- DIRECTIONS: Without any images, write the data out exactly as it appears.

- EXERCISE DATA:
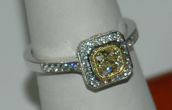 14K Two-Tone 0.42Ct Radiant Diamond Halo Ring
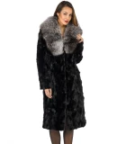 Shadow Black Etched Mink Fur Coat with Silver Fox Shawl Collar
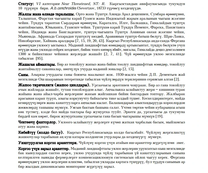 Recommended conservation measures. Nesting sites of this species in cultivated landscapes need to be protected from illegal felling in winter, consider a compensation system for farmers for damage to poultry during nesting time. It is necessary to identify nesting sites in the Fergana Valley, map the identified nests, and conduct monitoring of the annual population dynamics of this species.
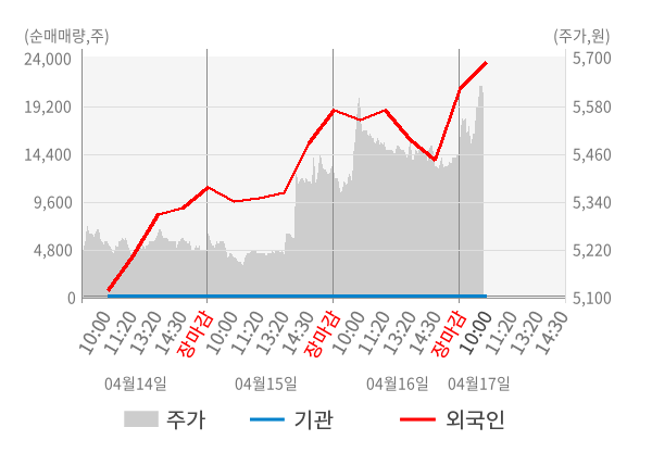 [서울=뉴스핌] 로보뉴스 = 17일 10시 15분 현재 피엔에이치테크(239890)는 전일 대비 2.56% (현재가 5,600원) 상승했고, 외국인이 최근 7일 연속 순매수(누적 52,970주, 잠정) 행진을 하고 있다.

- OUTPUT OF THE TASK:
 14K Two-Tone 0.42Ct Radiant Diamond Halo Ring
 Shadow Black Etched Mink Fur Coat with Silver Fox Shawl Collar
 Recommended conservation measures. Nesting sites of this species in cultivated landscapes need to be protected from illegal felling in winter, consider a compensation system for farmers for damage to poultry during nesting time. It is necessary to identify nesting sites in the Fergana Valley, map the identified nests, and conduct monitoring of the annual population dynamics of this species.
 [서울=뉴스핌] 로보뉴스 = 17일 10시 15분 현재 피엔에이치테크(239890)는 전일 대비 2.56% (현재가 5,600원) 상승했고, 외국인이 최근 7일 연속 순매수(누적 52,970주, 잠정) 행진을 하고 있다.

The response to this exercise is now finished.